● **RECORDS PROVIDED**:
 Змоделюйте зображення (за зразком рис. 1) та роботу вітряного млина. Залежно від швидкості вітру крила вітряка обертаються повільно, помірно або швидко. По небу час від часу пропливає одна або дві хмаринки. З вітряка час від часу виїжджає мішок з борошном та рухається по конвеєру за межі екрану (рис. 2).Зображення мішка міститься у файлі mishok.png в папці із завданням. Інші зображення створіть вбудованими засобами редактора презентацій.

--

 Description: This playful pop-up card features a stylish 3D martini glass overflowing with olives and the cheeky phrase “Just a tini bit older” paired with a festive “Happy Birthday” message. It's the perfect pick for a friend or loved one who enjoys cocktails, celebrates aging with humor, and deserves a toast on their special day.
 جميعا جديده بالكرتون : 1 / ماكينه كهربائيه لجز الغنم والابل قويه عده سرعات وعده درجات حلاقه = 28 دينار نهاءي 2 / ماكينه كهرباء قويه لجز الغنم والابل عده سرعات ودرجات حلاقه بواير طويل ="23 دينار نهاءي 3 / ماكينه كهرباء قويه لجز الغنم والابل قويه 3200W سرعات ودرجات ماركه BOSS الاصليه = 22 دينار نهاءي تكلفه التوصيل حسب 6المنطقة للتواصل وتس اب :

* * *

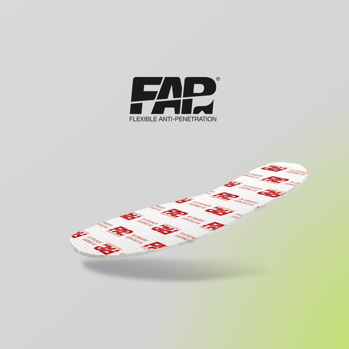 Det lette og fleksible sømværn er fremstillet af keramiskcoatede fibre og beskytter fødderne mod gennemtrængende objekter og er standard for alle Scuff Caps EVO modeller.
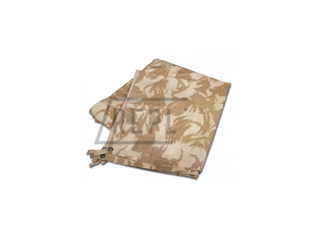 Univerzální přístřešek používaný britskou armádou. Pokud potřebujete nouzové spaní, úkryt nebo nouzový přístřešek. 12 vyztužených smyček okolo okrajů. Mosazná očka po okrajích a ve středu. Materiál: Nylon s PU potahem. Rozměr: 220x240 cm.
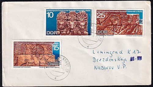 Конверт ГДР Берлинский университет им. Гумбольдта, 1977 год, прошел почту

● **WHAT YOU ARE ASKED TO DO**:
Give back exactly the lines above from the one with "Univerzální přístřešek používaný" through the one with "Конверт ГДР Берлинский", both included. Pictures don't belong in the copy.

● **EXPECTED ANSWER**:
 Univerzální přístřešek používaný britskou armádou. Pokud potřebujete nouzové spaní, úkryt nebo nouzový přístřešek. 12 vyztužených smyček okolo okrajů. Mosazná očka po okrajích a ve středu. Materiál: Nylon s PU potahem. Rozměr: 220x240 cm.
 Конверт ГДР Берлинский университет им. Гумбольдта, 1977 год, прошел почту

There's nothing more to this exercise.